Top of Material provided

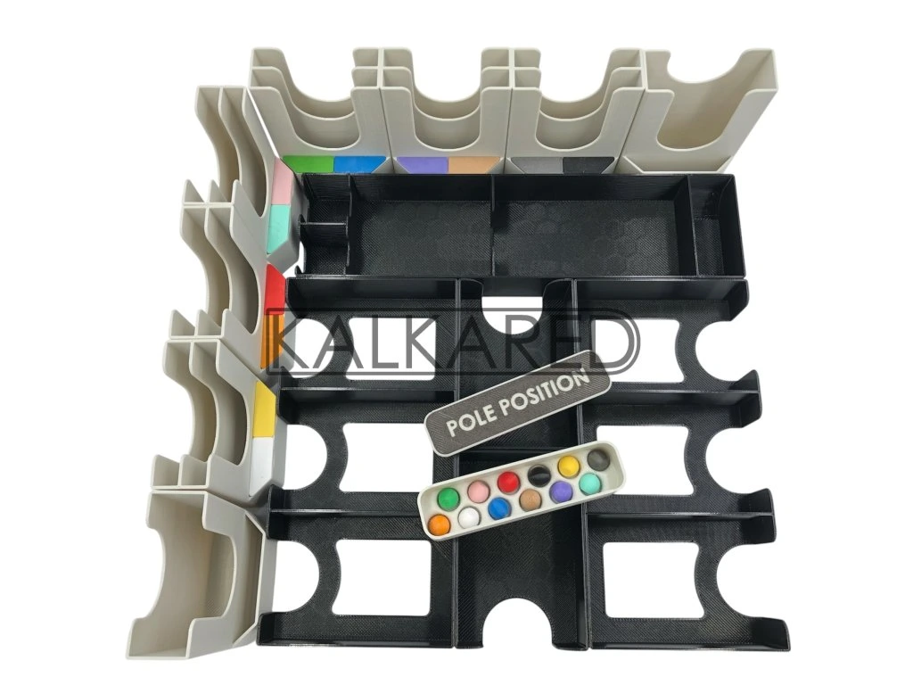 Součástí insertu je pomůcka, která určí pořadí vozidel na startovní čáře. Stačí vhodit kuličky, zamíchat a otevřít víčko
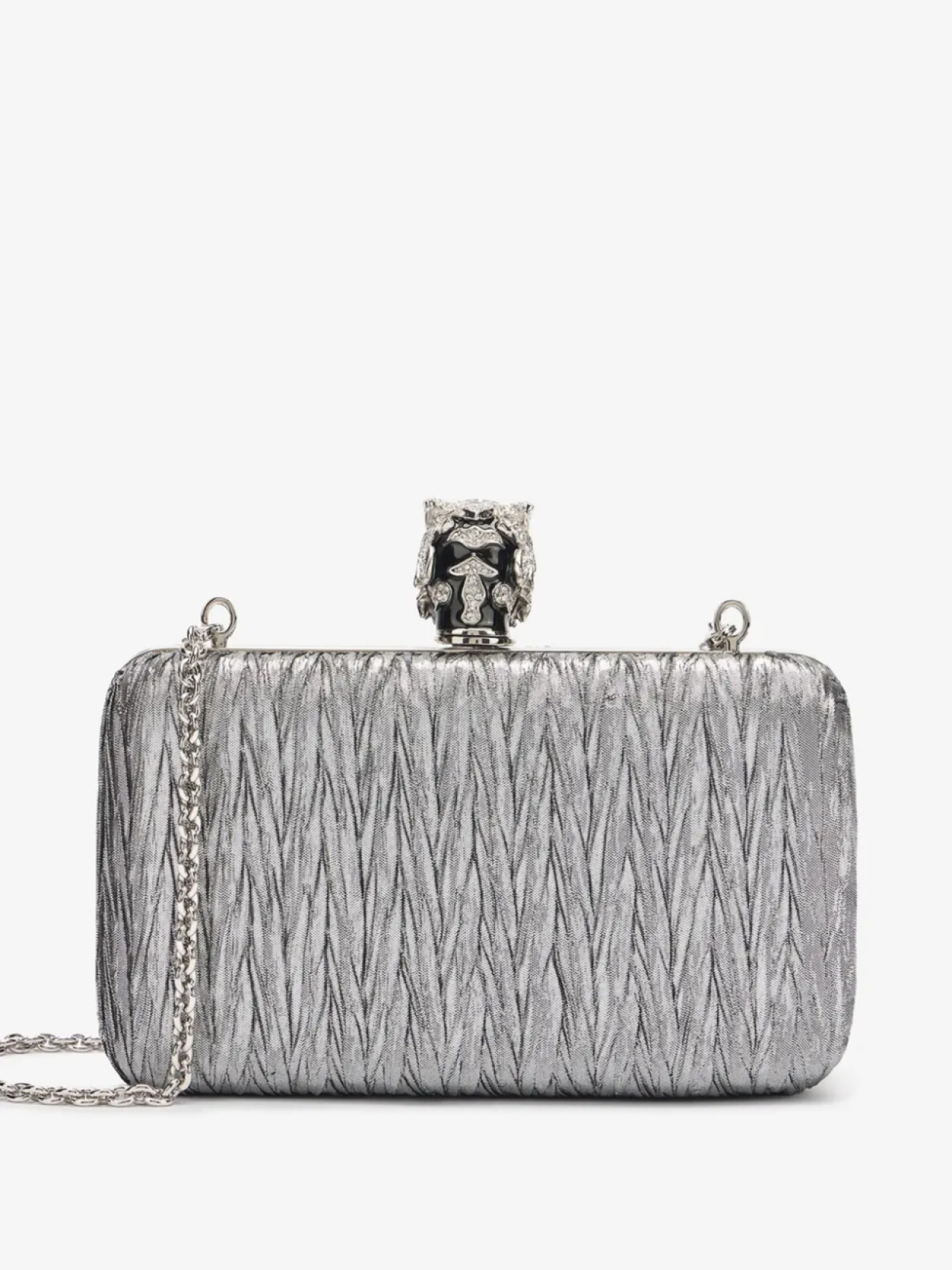 Застежка серебристого тона, фирменный мотив «Голова тигра», цепочный плечевой ремень, основное отделение
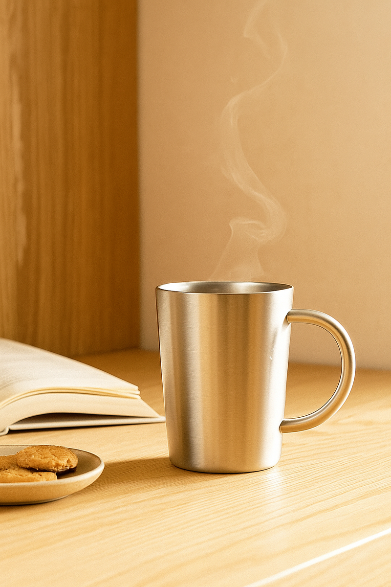 Ontdek onze RVS mok, onderzetters en theezeef – een elegante set ontworpen voor wie van pure eenvoud houdt.
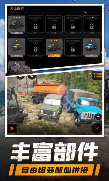2、完整的地图,沼泽区域,山区道路,升级的汽车,发动机,悬架,轮胎,四轮驱动等。更好的性能是关键。
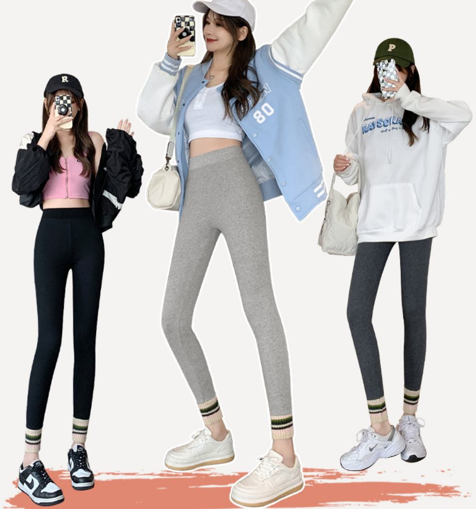 熱推羊羔絨腳口拼接修身螺紋打底褲(深灰色)(尺碼:L【80-125磅】/XL【125-160磅】)(下單後聯絡客服確認發貨尺碼)
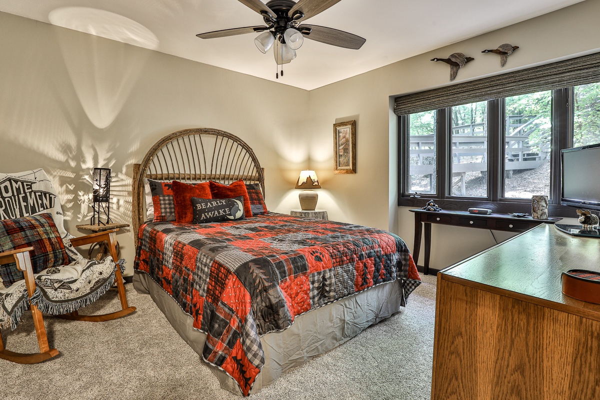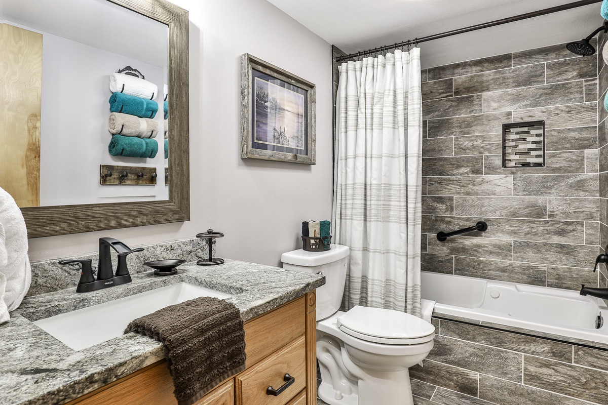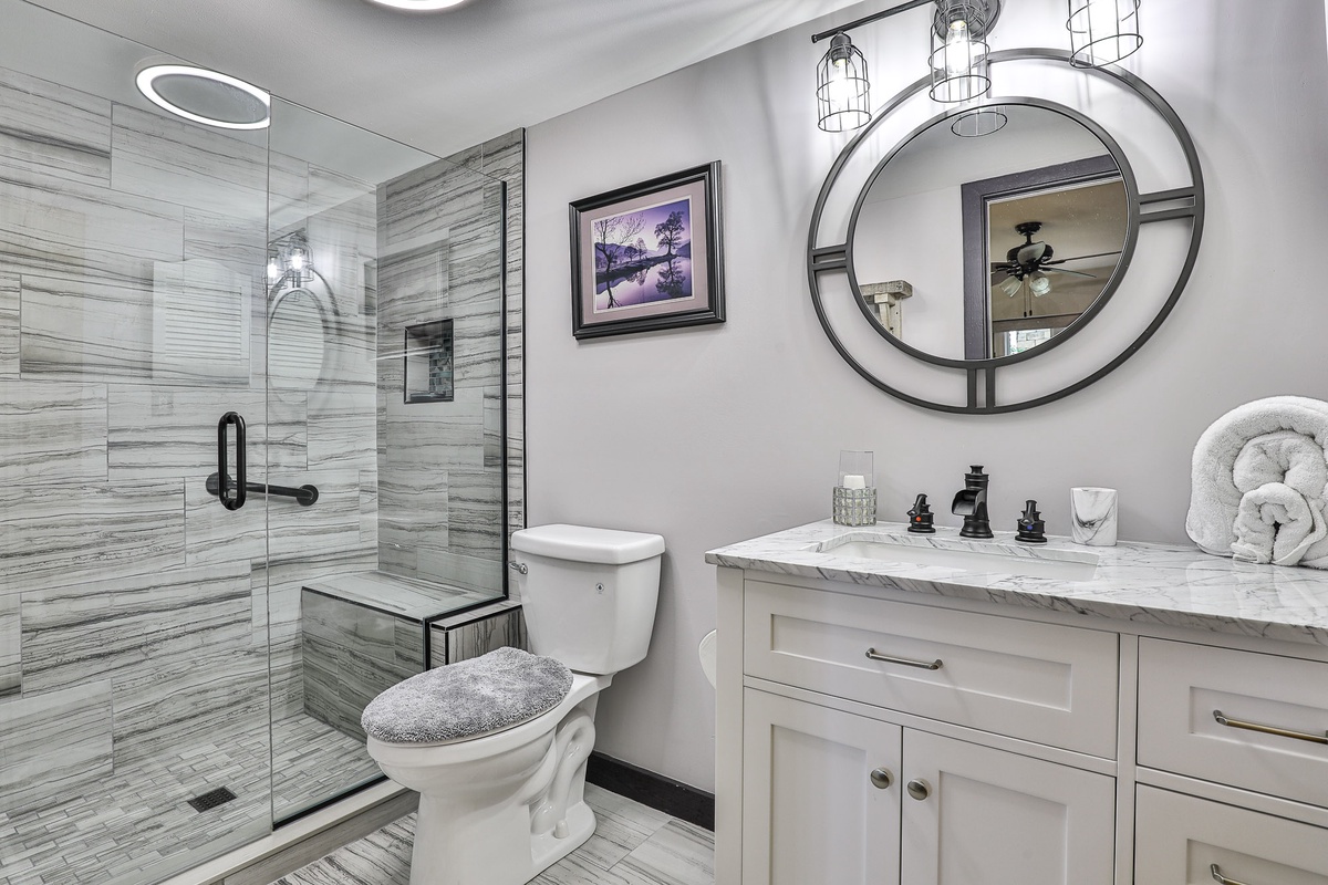 The primary bedroom has a king bed and an attached updated bathroom. The second bedroom has a queen bed and shares the updated hall bath.
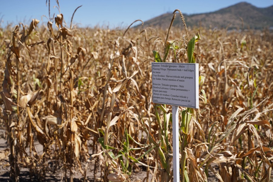 Uma fazenda de milho na sede do Centro Internacional de Melhoramento de Milho e Trigo (CIMMYT, na sigla em espanhol), em 21 de novembro de 2022. (Xinhua/ Zhu Yubo)
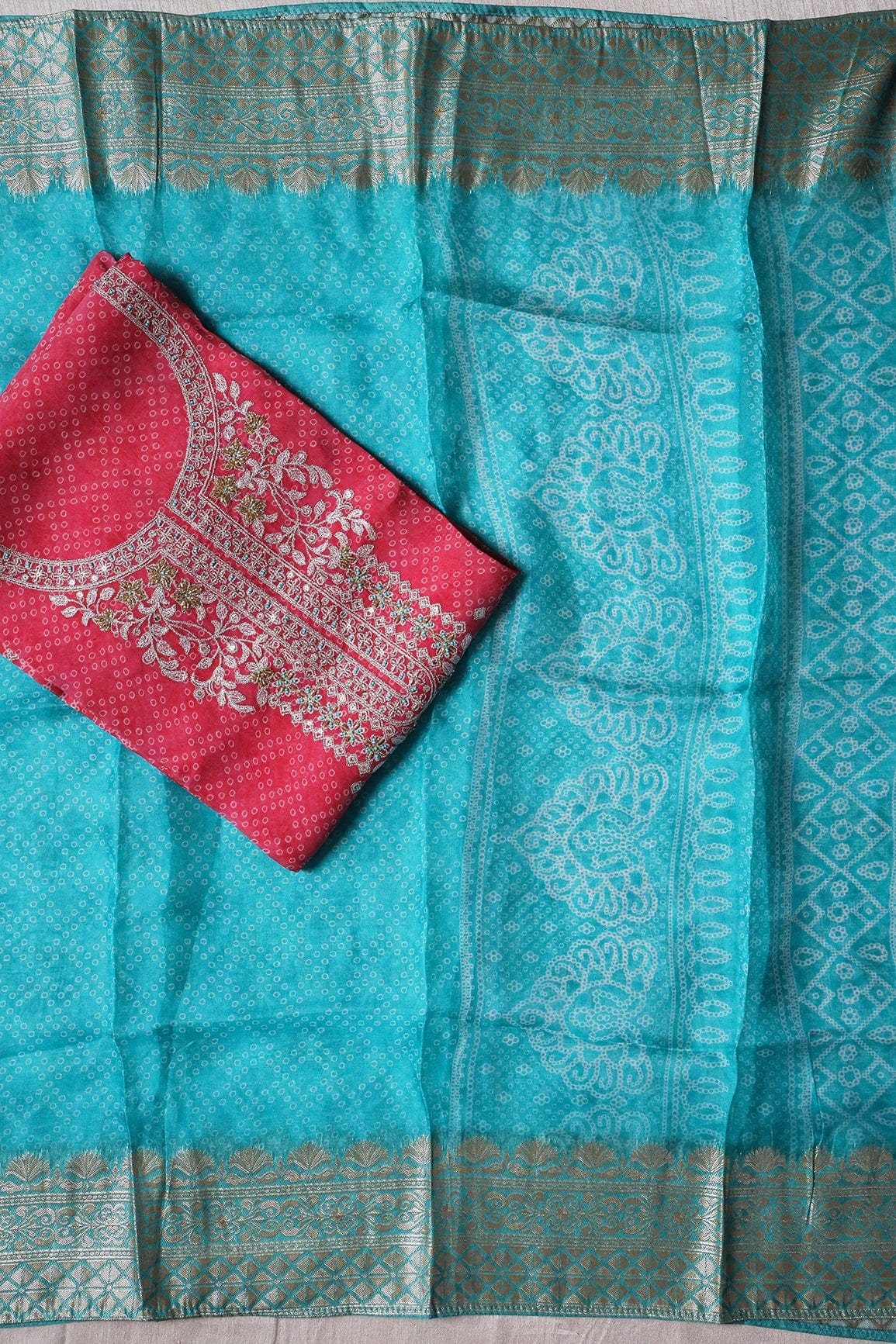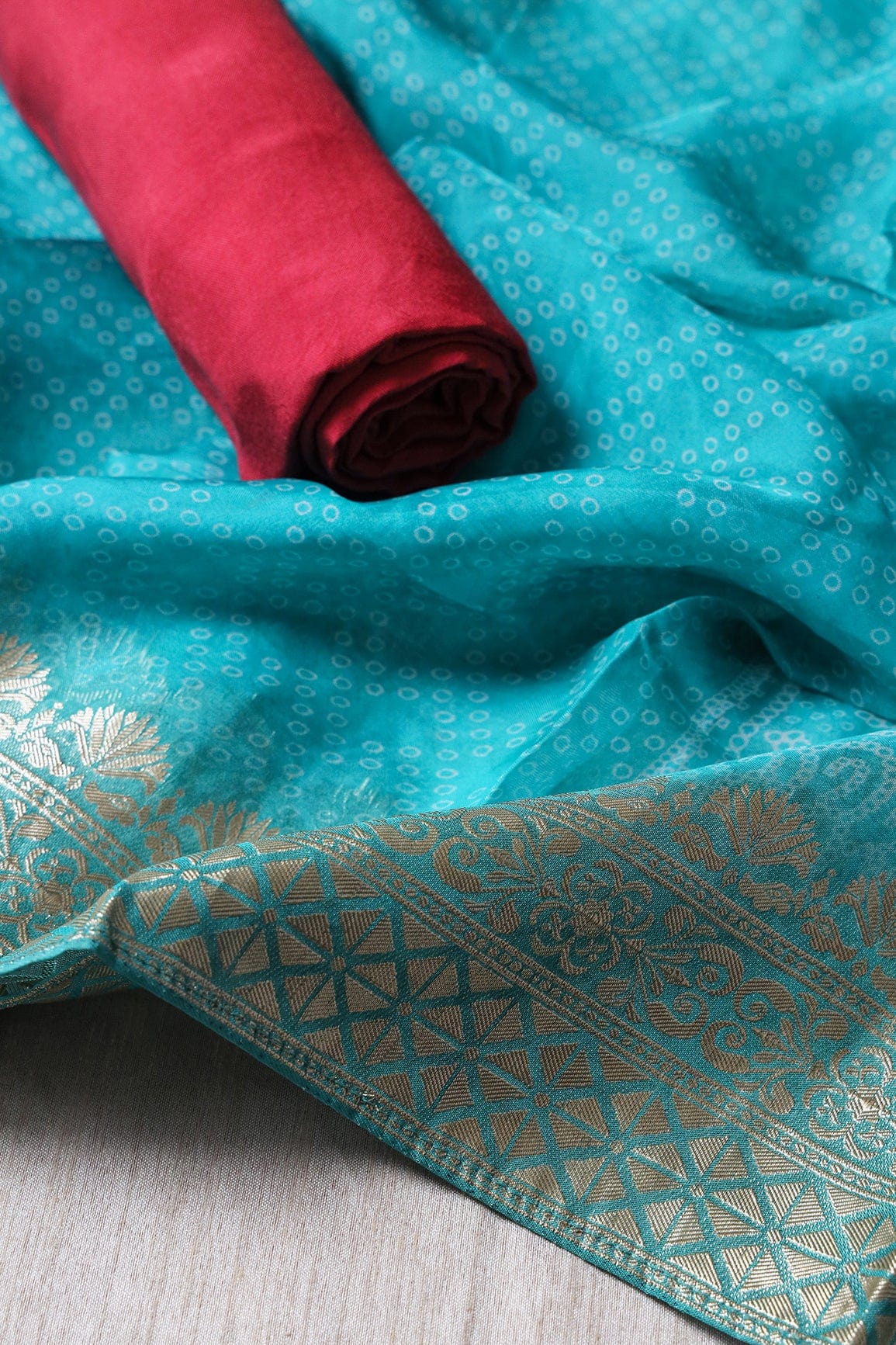 Fabric 3/ Dupatta : Turquoise Blue Printed Zari Jacquard On Pure Organza Dupatta With Border
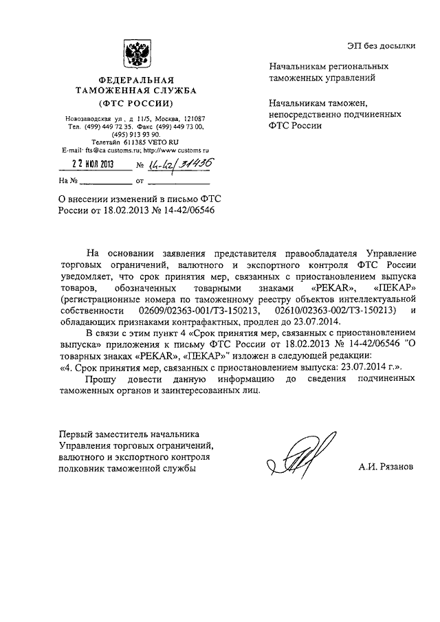 "О ВНЕСЕНИИ ИЗМЕНЕНИЙ В ПИСЬМО ФТС РОССИИ ОТ 18.02.2013 N 14-42/06546"

Bottom of Material provided

> Aim of the exercise: Drop every image, please, and write out the data above exactly as shown.

> Expected output:
 Součástí insertu je pomůcka, která určí pořadí vozidel na startovní čáře. Stačí vhodit kuličky, zamíchat a otevřít víčko
 Застежка серебристого тона, фирменный мотив «Голова тигра», цепочный плечевой ремень, основное отделение
 Ontdek onze RVS mok, onderzetters en theezeef – een elegante set ontworpen voor wie van pure eenvoud houdt.
2、完整的地图,沼泽区域,山区道路,升级的汽车,发动机,悬架,轮胎,四轮驱动等。更好的性能是关键。
 熱推羊羔絨腳口拼接修身螺紋打底褲(深灰色)(尺碼:L【80-125磅】/XL【125-160磅】)(下單後聯絡客服確認發貨尺碼)
 The primary bedroom has a king bed and an attached updated bathroom. The second bedroom has a queen bed and shares the updated hall bath.
 Uma fazenda de milho na sede do Centro Internacional de Melhoramento de Milho e Trigo (CIMMYT, na sigla em espanhol), em 21 de novembro de 2022. (Xinhua/ Zhu Yubo)
 Fabric 3/ Dupatta : Turquoise Blue Printed Zari Jacquard On Pure Organza Dupatta With Border
 "О ВНЕСЕНИИ ИЗМЕНЕНИЙ В ПИСЬМО ФТС РОССИИ ОТ 18.02.2013 N 14-42/06546"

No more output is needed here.